# rehab old movies



## boliverchadsworth (Oct 9, 2019)

I have two cd’s with old family movies on them-originally beginning in the 1950’s on 8mm-

 about 35 or 40 years ago I had them put on vhs tape and after that had the tapes converted to cd’s -two of them where they remain. Problem is the viewing quality has degraded for various reasons - was not that good to begin with, aging various conversions techniques etc.
Does anyone know of a restoration, rehabilitation service that is a affordable that can clean these two cd ’s up and enhance the viewability of them…??
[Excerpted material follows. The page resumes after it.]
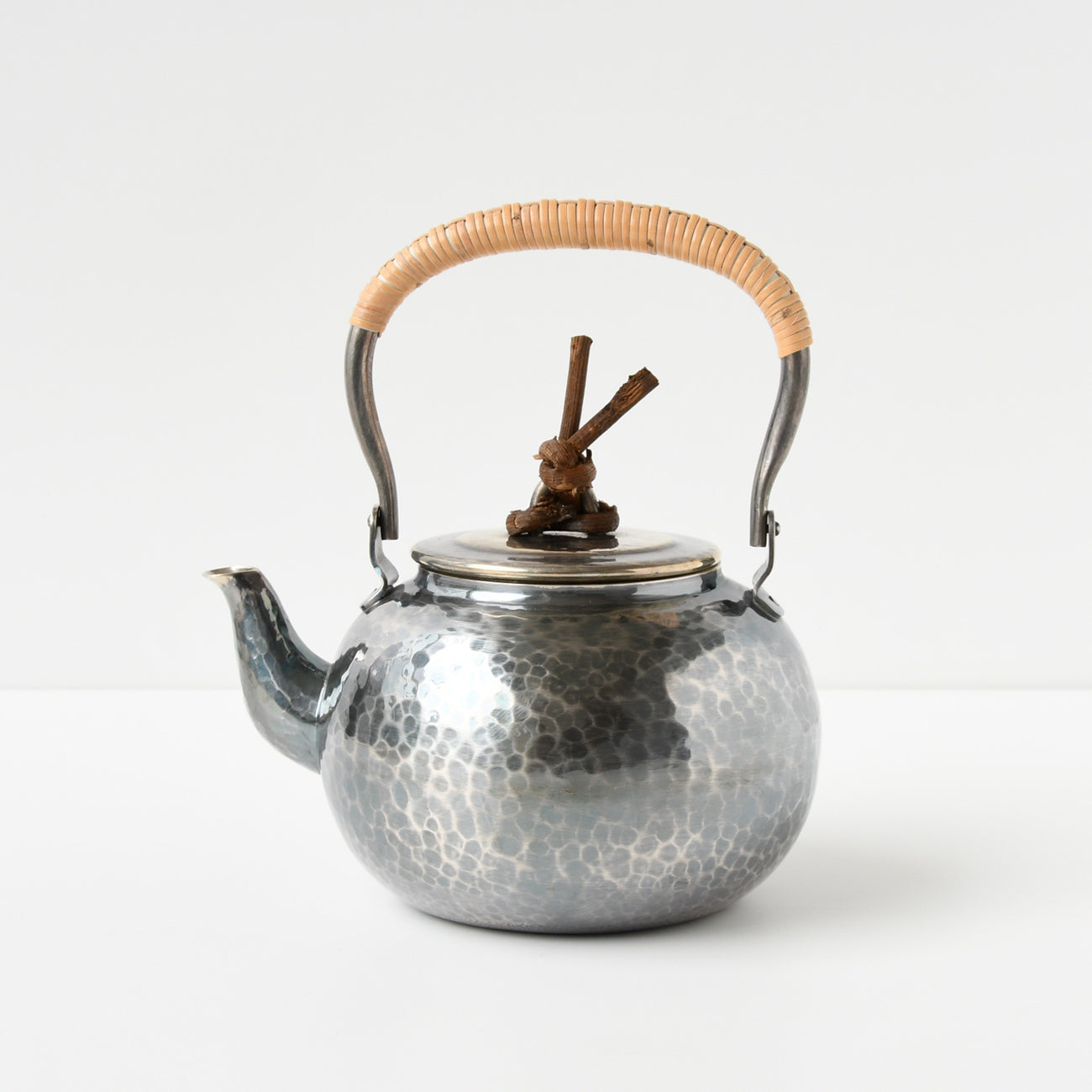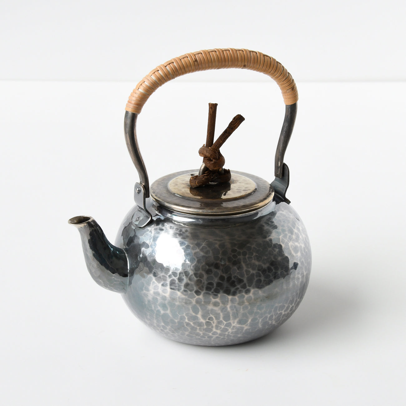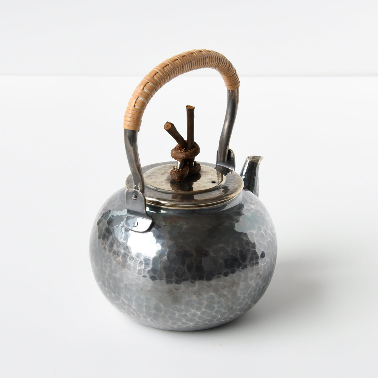 質感は、黄銅の丸鎚目の上に銀メッキ(鍍銀)の燻し仕上げです。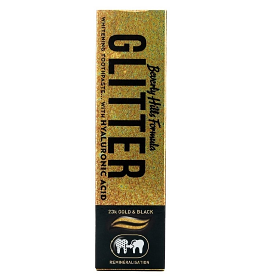 БЕВЪРЛИ ХИЛС ПАСТА ЗА ЗЪБИ ГЛИТЪР ГОЛД ЕНД БЛЕК РЕМИНАЛИЗИРАЩА 100МЛ е избелваща и реминализираща паста за зъби. За пълна защита на устната кухина. За силни и здрави зъби. Подсилено почистване, комбинирано с нежно и безопасно избелване на зъбите. С активен въглен, истинско злато, хиалуронова киселина и хидроксилапатит.

 thank you so much as you know a search on the net will result in who knows what? Much prefer someone with personal experience with same.


----------



## boliverchadsworth (Oct 15, 2019)

thank you very helpful.


----------



## 911 (Oct 16, 2019)

Do you still have the original movies? Are they 8mm or Super 8mm? I bought a converter that converts my movies (Super 8mm) onto a memory card and then I upload it to my computer and burn them onto a DVD. 

I am still learning the process myself, but don’t quite have the knowledge to be able to do it without having to go back over it a few times. IOW, it has been a challenge and a bit tricky, but I am getting better at it. 

I think I paid around $400.00 for the converter.


----------